Imagine a white convex polyhedron $P$ tumbling randomly about its fixed center of gravity (c.g.) $c$ against a blue background. A long-exposure photo would show pure white in a neighborhood of $c$ (because an opaque ball about $c$ is interior to $P$), and diminished white and increasing blue in circles of larger radius $r$ about $c$, for a line of sight at a given $r$ only hits $P$ a fraction of the tumbling time. My question is to what extent this tumble-density profile uniquely determines $P$.
Henceforth I will specialize to convex polygons $P$ spinning about their c.g. $c$
in $\mathbb{R}^2$, although all questions generalize to $\mathbb{R}^d$.
Define the profile function $\rho(r)$ at radius $r$ to be the fraction of
the circumference of a circle of radius $r$ centered on $c$ that is interior to $P$.

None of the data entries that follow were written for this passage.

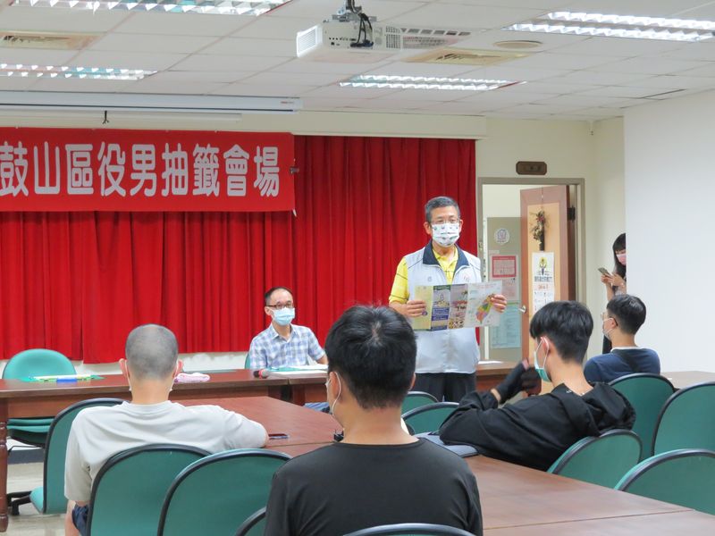 【記者張加達/高雄報導】高雄市鼓山區公所今(4)日舉行役男抽籤,高雄市軍人服務站站長劉訓誠前往區公所,向役男及其家屬說明軍人之友社服務工作內容,並提醒目前軍事訓練役男訓練做法,入伍後前5週在新訓中心受訓,後續將到部隊實施11週專長訓練,並有 ...
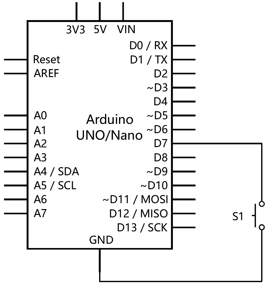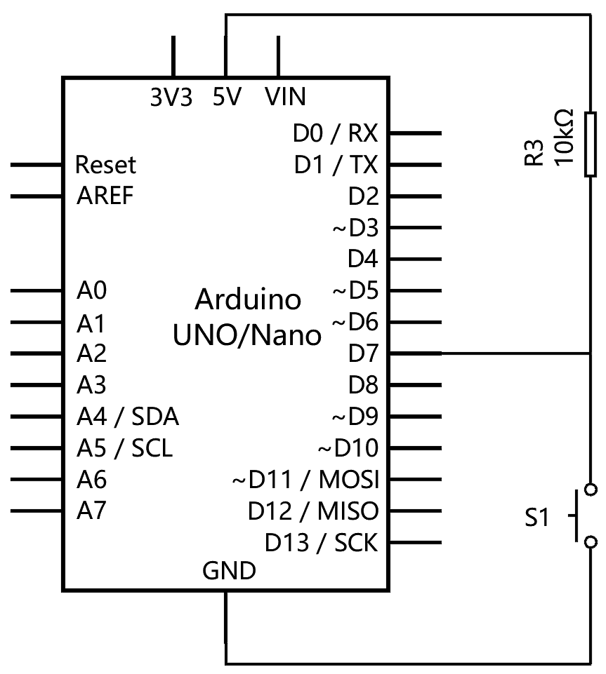 10) Arduino UNO/Nano主控板,电路如下图所示,通过7引脚获取按键的返回值,下列选项中,关于电路描述正确的是?( )
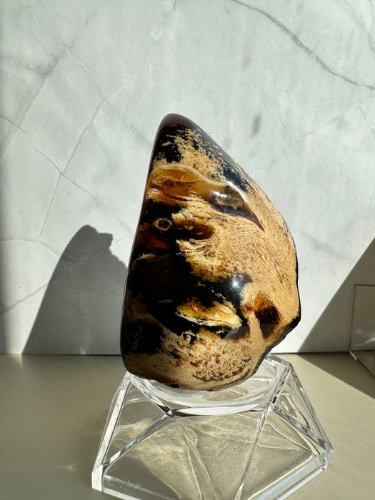 Zebra Bernstein polierte Freiform aus Indonesien C59
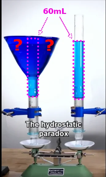The left side of the scale only feels the weight of the column above the lower "tail" of the funnel (i.e. 60mL).
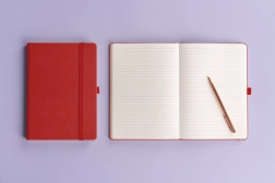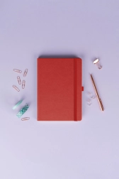 Caiet într-o frumoasă culoare roșie cu format liniat de dimensiuni 15 x 21 cm aduce o combinație perfectă de clasă și eleganță. Ideal pentru personalizare cu logo-uri de companie datorită texturii fine a suprafeței.
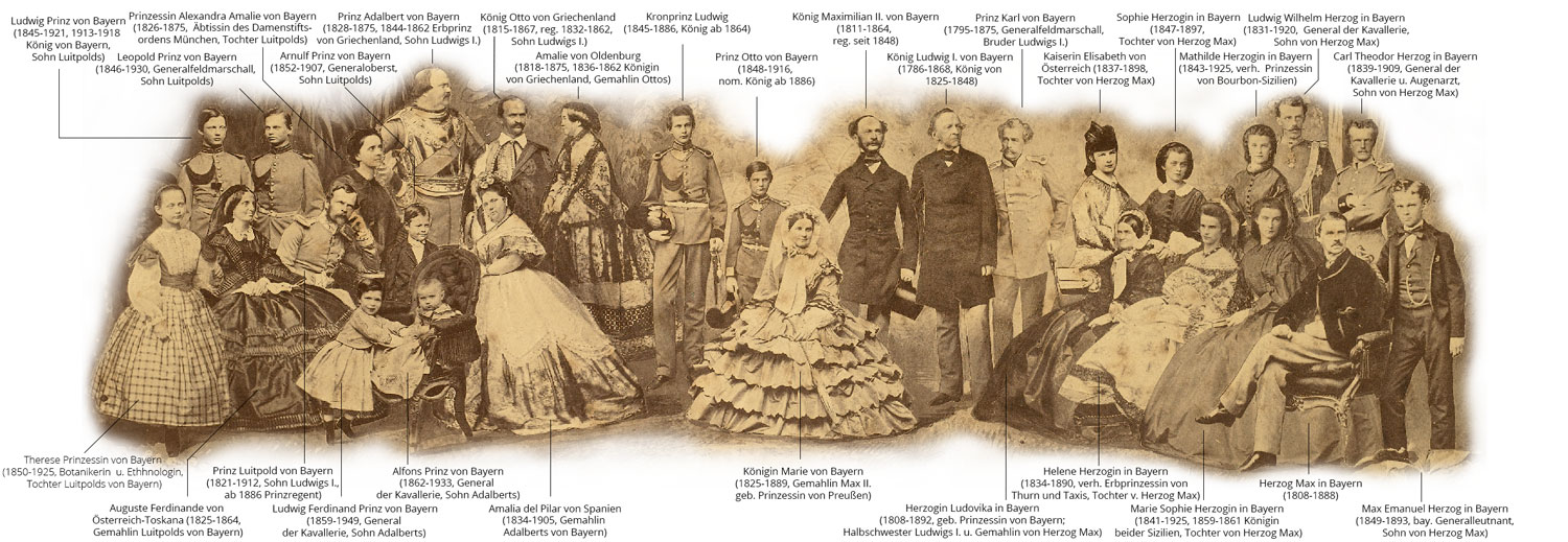 Familienbild der Wittelsbacher von 1863. Gestaltung: Stefan Schnupp. (© Bayerische Schlösserverwaltung) HLB
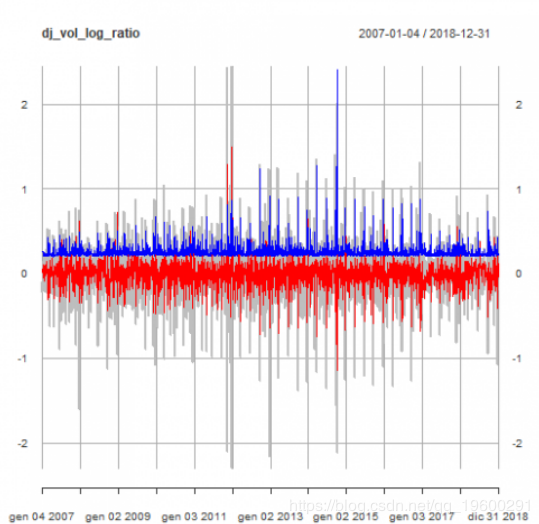 我们用平均模型拟合(红线)和条件波动率(蓝线)显示原始道琼斯日均交易量对数时间序列。
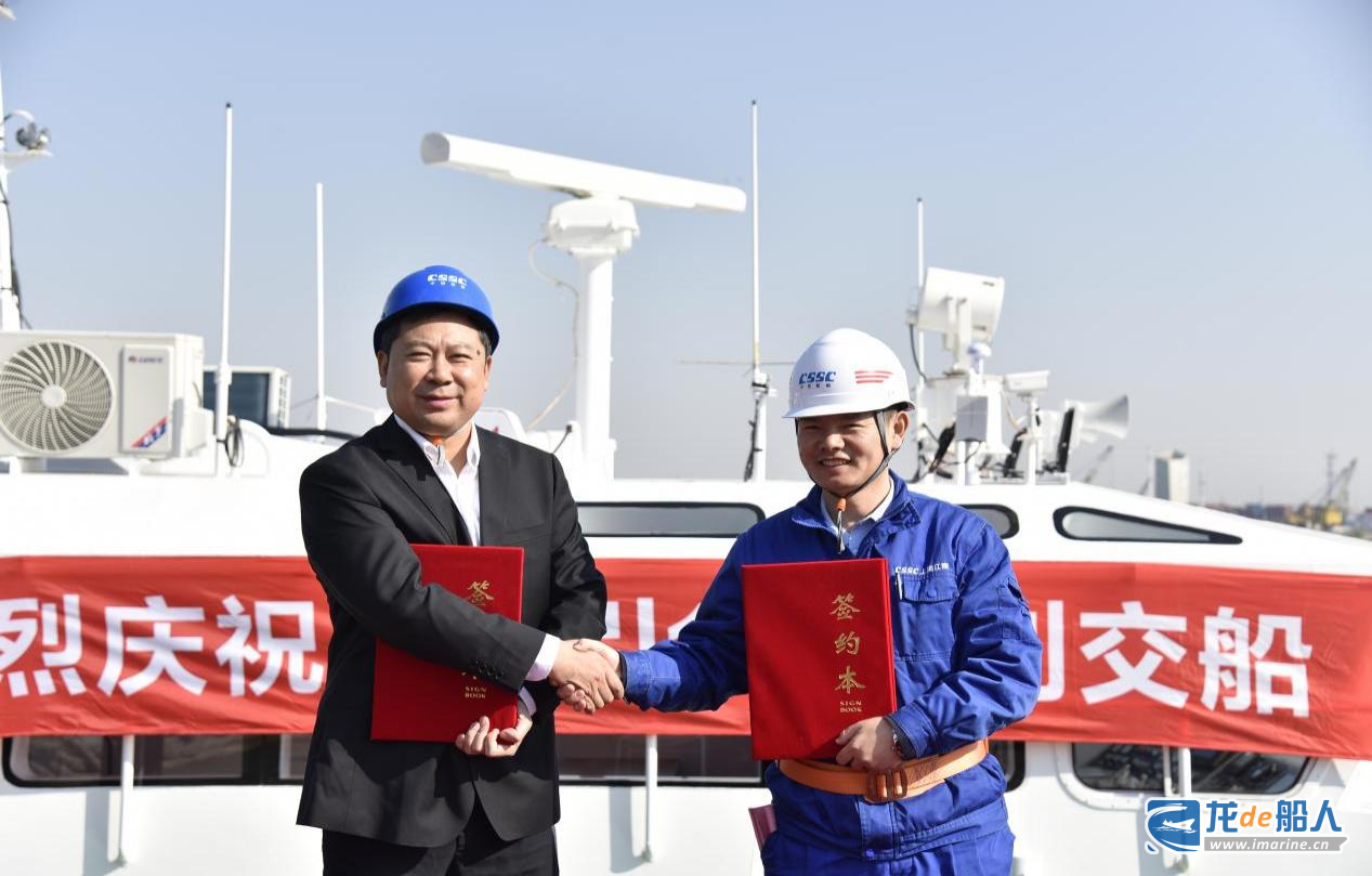 仪式上,江苏海畅船舶服务有限公司总经理杭建军与上海东真船舶工程有限公司副总经理金国林签署交船文件。

An example for an isosceles right triangle $P$ (edge lengths 1, 1, $\sqrt{2}$)
is shown below.
Up to $r=\frac{\sqrt{2}}{6} \approx 0.24$, $\rho(r)=1$. Beyond that, $\rho(r)$
diminishes as illustrated as larger circles have less of their circumference
inside $P$. Derivative discontinuities occur where circles pass through vertices or are
tangent to edges, in this case at $r = \frac{1}{3}$ and $r= \frac{\sqrt{2}}{3} \approx 0.47$.
Spinning the profile function around $r=0$ shows the density at any point around $c$:
Q1. Does $\rho(r)$ uniquely determine $P$ if it is known that $P$ is a triangle?

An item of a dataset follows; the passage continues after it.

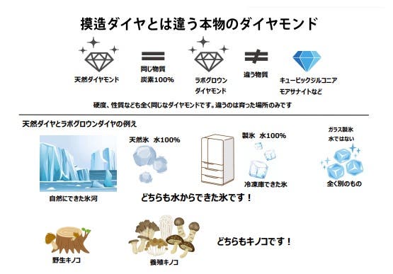 化学が作りだした高品質ダイヤモンドだから、天然より安価で実現できた商品です
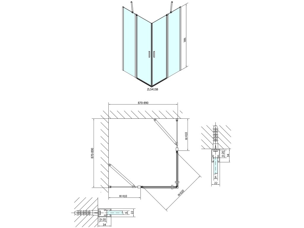 - Skládací dveře 700 až 900 mm v provedení levá a pravá lze instalovat do niky nebo v kombinaci L/R vytvořit čtvercovou nebo obdélníkovou zástěnu s rohovým vstupem

The concave sections of $\rho(r)$ seem to be functions specific enough (sums of inverse trig functions) to perhaps determine the geometry.
Q2. For arbitrary convex polygons $P$, are almost all uniquely determined by their profiles $\rho(r)$?

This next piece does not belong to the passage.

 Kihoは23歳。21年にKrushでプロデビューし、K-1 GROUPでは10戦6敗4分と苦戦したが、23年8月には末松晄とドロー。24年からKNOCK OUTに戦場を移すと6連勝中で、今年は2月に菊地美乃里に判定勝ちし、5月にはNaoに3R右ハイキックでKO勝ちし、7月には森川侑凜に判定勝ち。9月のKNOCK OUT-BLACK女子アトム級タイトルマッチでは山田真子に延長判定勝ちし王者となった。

Certainly there are pairs of incongruent polygons that have the same profile, e.g.,
this pair of augmented regular octagons:
However, it seems there need be special relationships between these polygons,
so that in some appropriate sense, these are density-zero coincidences,
and generic polygons have unique profiles.
Q3. Has this notion of density profile been studied before?
My questions are related in spirit to those explored in Richard Gardner's Geometric Tomography (Cambridge University Press, Cambridge, 2nd ed., 2006), but his natural focus on X-rays along lines seems a different flavor than the integration around circles in my profiles. Thanks for ideas and pointers!